The proposal was accepted by the city back in 2021 and it took one year to set up

Salzburg’s new rental deposit aid casts a wide net on low-income households

Salzburg’s new rental deposit aid casts a wide net on low-income households

The fund will be open to everyone in the city: Austrians, EU citizens, refugees and parents who are minors

Local authorities in Salzburg announced that applications for the new deposit fund can start coming in from 1 March. The deposit fund aims at financing low-income households when they are trying to rent an apartment, softening the initial financial burden of a deposit.

The city will foot up to 50% of the deposit if the amount doesn't exceed 1,000 euros. This will take the form of a no-interest loan, which can be repaid in the span of 36 months. Furthermore, households will be eligible for aid regardless of the type of property they have set their sights on, whether it is commercial, private or public.

A heavy load for low-income households

The deposit can often be the biggest hurdle for low-income households when they have to change their rental accommodations. This is what local authorities are trying to mitigate by setting up the deposit fund.

Though the scope of financial aid is fairly limited, it will no doubt have a significant impact on the conditions of many people, as the requirements for applying are quite broad.

First of all, the property has to be in Salzburg and second, the funds have to go towards paying a valid rental offer.
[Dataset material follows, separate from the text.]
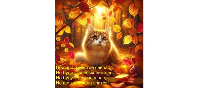 Открытка "Пришло известие сейчас, Не будет красных листьев, Но будут жёлтые у нас, На всех природа злится!"
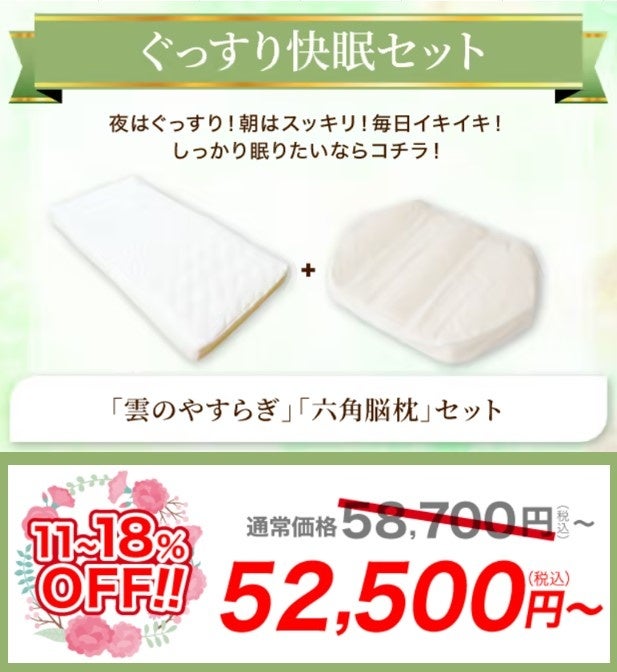 理想の高さで寝られる、肩・首に優しい「枕」と理想の寝姿勢により“まるで浮いているみたいな寝心地”を実現した「高反発マットレス/敷布団」の快眠セット。

At the same time, applicants need to be over the age of 18, except in the cases of parents who are minors and share a household with their child.

In addition to Austrians, European Economic Area and Swiss citizens are also eligible for the aid, as long as they have a permanent residence certificate. The same goes for third-country residents and refugees who have been granted asylum in the country.

Finally, the household monthly net income for the past three months needs to be below a certain threshold. For example, a couple’s net income must be below 2,100 euros per month.

A year in the making

The deposit aid scheme was approved back in February 2021, however, it took local authorities a year to put it all together. According to City Councillor for Social Affairs, Anja Hagenauer, this is because authorities had to amend city laws and only the State of Salzburg has the authority to do that.

She explained that daily life is becoming more and more expensive and unplanned expenses can be difficult for many citizens. This is why authorities want to cast a wider net and help to improve housing conditions for as many people as possible.